#### RECORDS PROVIDED

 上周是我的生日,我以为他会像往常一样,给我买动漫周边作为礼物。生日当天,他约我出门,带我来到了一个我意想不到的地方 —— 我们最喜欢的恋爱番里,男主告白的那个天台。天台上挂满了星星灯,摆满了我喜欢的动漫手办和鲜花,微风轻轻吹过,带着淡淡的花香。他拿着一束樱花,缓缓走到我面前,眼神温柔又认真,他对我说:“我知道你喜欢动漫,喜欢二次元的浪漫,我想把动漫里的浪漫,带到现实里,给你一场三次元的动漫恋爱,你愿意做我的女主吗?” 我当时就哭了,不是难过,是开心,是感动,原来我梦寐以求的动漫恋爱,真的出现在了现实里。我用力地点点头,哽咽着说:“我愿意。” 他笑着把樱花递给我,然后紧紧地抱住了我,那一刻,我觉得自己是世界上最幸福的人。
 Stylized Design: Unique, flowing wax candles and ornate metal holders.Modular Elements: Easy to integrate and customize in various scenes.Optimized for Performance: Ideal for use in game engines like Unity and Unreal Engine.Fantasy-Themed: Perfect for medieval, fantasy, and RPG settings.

########
#### RECORDS PROVIDED

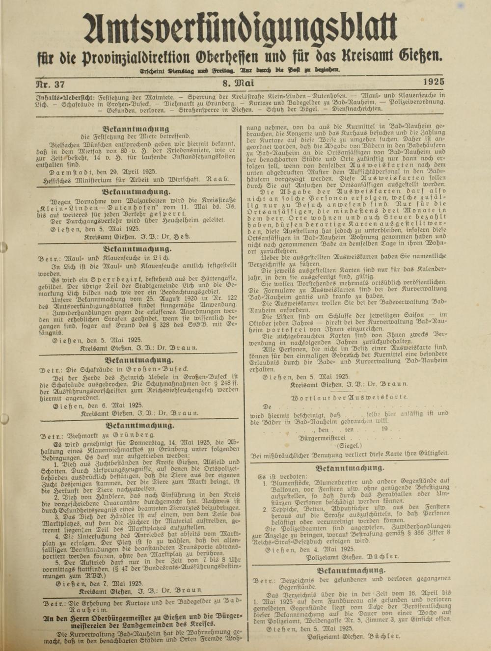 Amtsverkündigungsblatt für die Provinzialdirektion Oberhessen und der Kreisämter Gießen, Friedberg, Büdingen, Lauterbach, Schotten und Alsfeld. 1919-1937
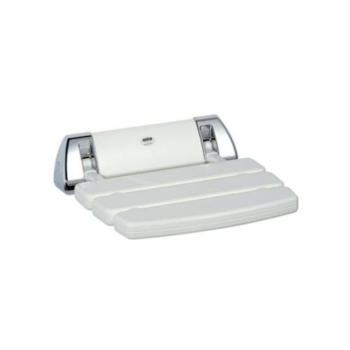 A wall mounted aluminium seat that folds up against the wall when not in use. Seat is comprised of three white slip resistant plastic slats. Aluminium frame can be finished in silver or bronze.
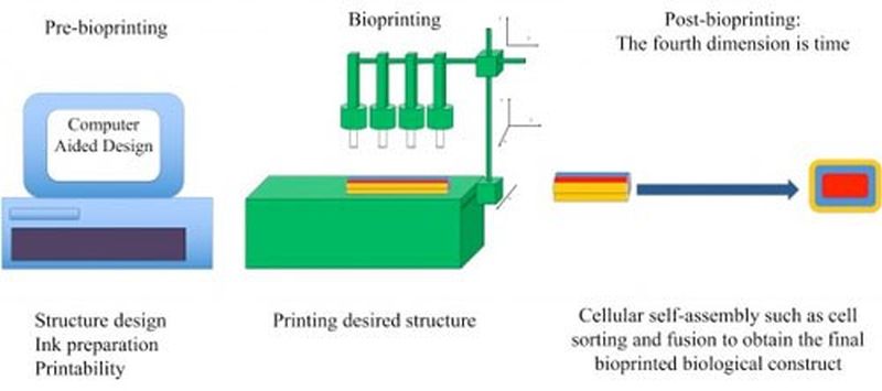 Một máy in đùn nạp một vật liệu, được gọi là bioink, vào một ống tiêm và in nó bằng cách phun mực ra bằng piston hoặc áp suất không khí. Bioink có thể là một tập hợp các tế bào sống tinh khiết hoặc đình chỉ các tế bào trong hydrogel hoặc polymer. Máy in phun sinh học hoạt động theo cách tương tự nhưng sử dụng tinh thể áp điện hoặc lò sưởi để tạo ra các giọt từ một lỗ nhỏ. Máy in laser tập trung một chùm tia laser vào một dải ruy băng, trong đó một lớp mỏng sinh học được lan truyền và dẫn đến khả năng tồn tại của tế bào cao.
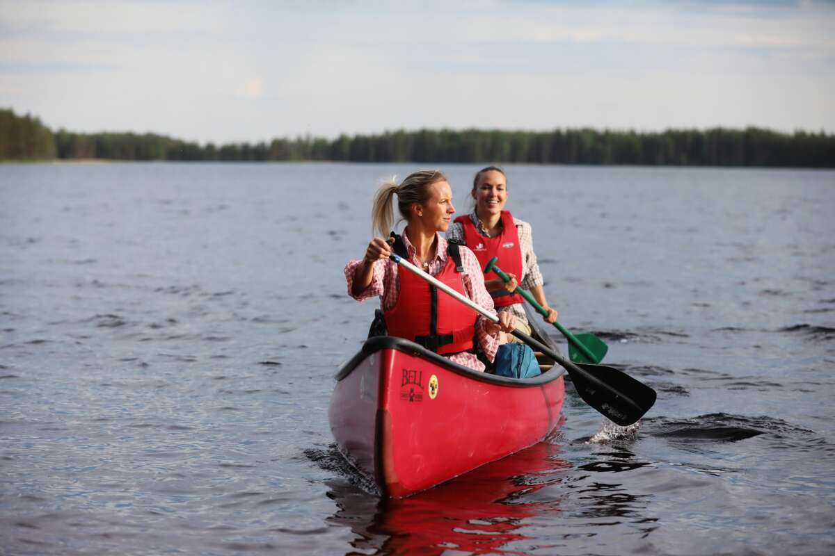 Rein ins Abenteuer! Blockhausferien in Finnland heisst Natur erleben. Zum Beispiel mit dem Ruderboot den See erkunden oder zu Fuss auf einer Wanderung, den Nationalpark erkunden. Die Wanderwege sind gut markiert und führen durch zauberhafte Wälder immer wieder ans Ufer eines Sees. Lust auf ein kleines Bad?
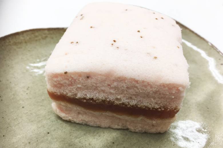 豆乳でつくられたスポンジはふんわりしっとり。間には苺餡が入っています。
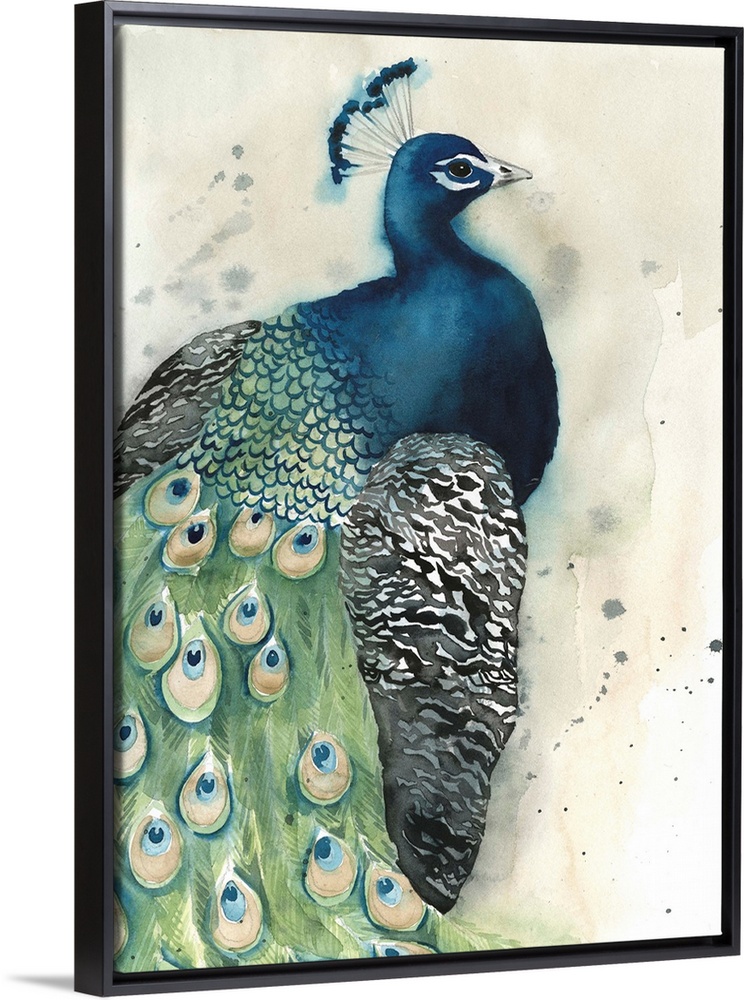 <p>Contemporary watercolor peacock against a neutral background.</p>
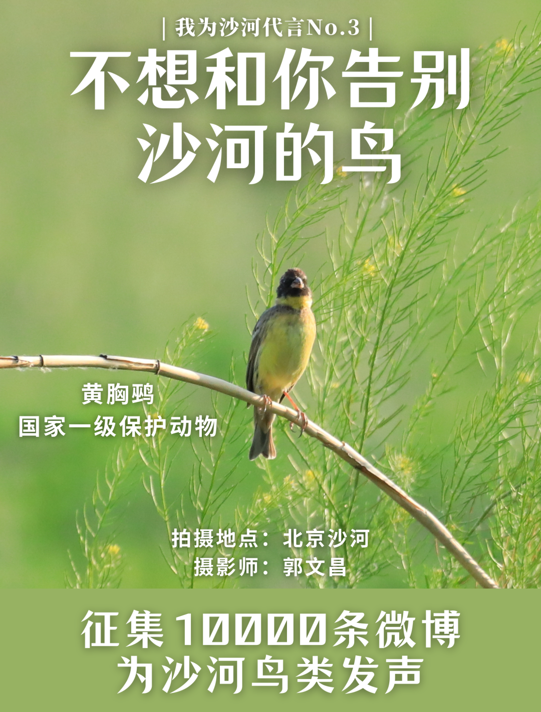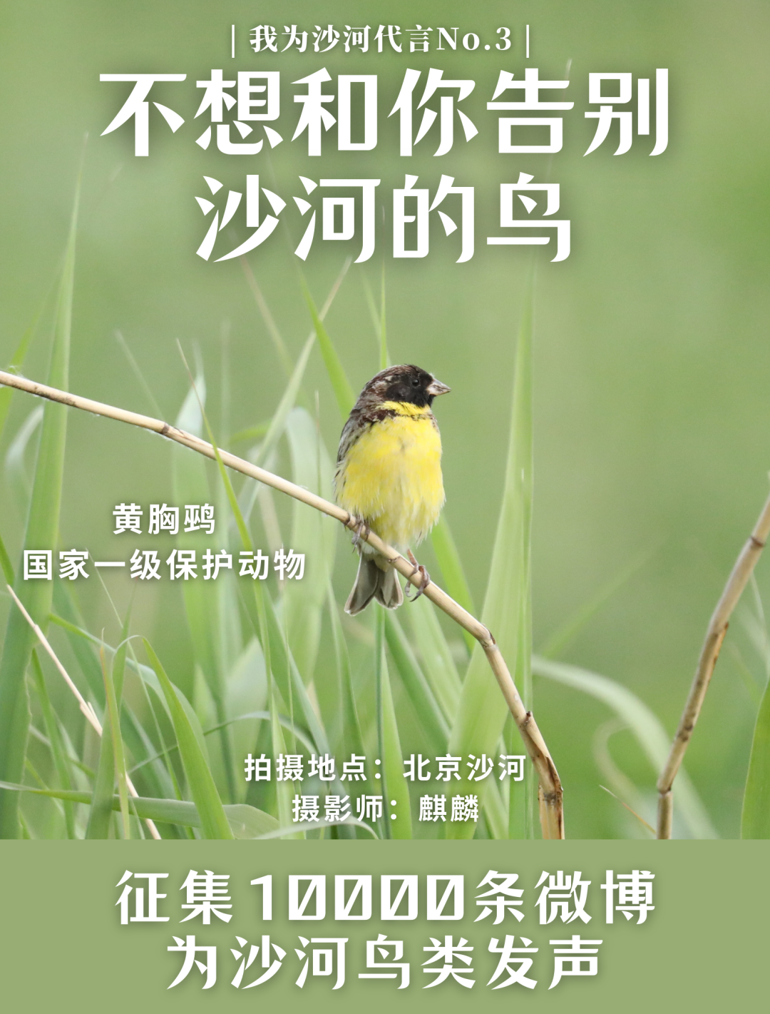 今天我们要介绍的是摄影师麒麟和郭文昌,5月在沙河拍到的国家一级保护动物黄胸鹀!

########

From the data above, retype only the lines starting with the line with "豆乳でつくられたスポンジはふんわりしっとり。間には苺餡が入っています。" and going on through the line with "今天我们要介绍的是摄影师麒麟和郭文昌,5月在沙河拍到的国家一级保护动物黄胸鹀!", exactly, leaving out the pictures.

=== COMPLETED EXERCISE ===
 豆乳でつくられたスポンジはふんわりしっとり。間には苺餡が入っています。
 <p>Contemporary watercolor peacock against a neutral background.</p>
 今天我们要介绍的是摄影师麒麟和郭文昌,5月在沙河拍到的国家一级保护动物黄胸鹀!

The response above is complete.